The answers included making sure each child got his or her own birthday cake and taking individual pictures of the children instead of always having the three together.

The Pitt children were in the same classes in kindergarten and first grade, and she said they each expressed their strong desire to stay together.

“When I asked Wade, he said, “Mommy, if I’m not in a class with my bubby and sissy, I will get up and find my bubby and sissy,” Pitt recalled.

AneElise said the best part of being a triplet is “having someone to spend time with.” The worst part is “having to share.”

She said her mother “made sure we’ve had everything that we’ve needed.”

Drew and Wade agreed that having to share things was the least fun part about being triplets, and having someone to be with was a positive.

“The best part about being a triplet is the fact that there’s always someone there if you need them,” Drew said.

The brothers also said they appreciate their mother and what she has done for them.

“My mom taught me right from wrong, how to love and take care of things, how to be respectful and responsible, how to treat women,” Drew said. “She taught me how to take care of myself and, lastly, not to ever give up.”

Wade said, “She’s there for us.
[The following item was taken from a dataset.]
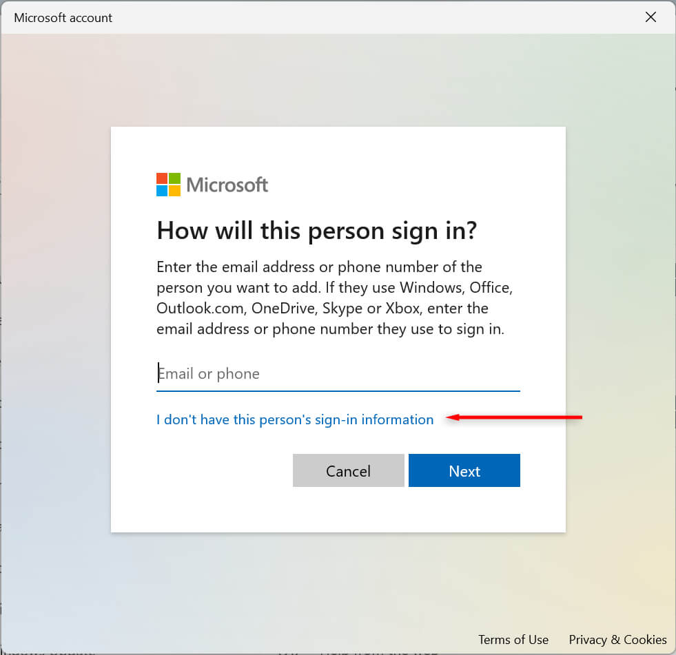 - In the new dialog box, choose I don’t have this person’s sign-in information.
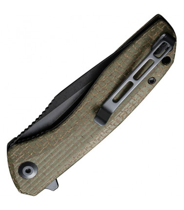 $57.80Civivi Caetus Flipper Linerlock. Features a 3 1/2" black finished plain edge drop point blade of 14C28N Sandvik Stainless Steel. Green Burlap Micarta handles. All black hardware. Finger Flipper opening. Pocket Clip. Caged ceramic bearing pivot. 4 1/2" closed. PRC

I’d say she’s a good mom because she lets us do what we want, as long as we tell her what we’re doing.”

Pitt said she has “no regrets” as a mother.

She recalled that one Valentine’s Day, she wrote each of them a special card. All three made a comment about being her favorite, she said. “They all felt that way.”

“I’ve known them inside the womb, and I’ve known them outside, and I know them better than anybody in the world, and they know that,” she said.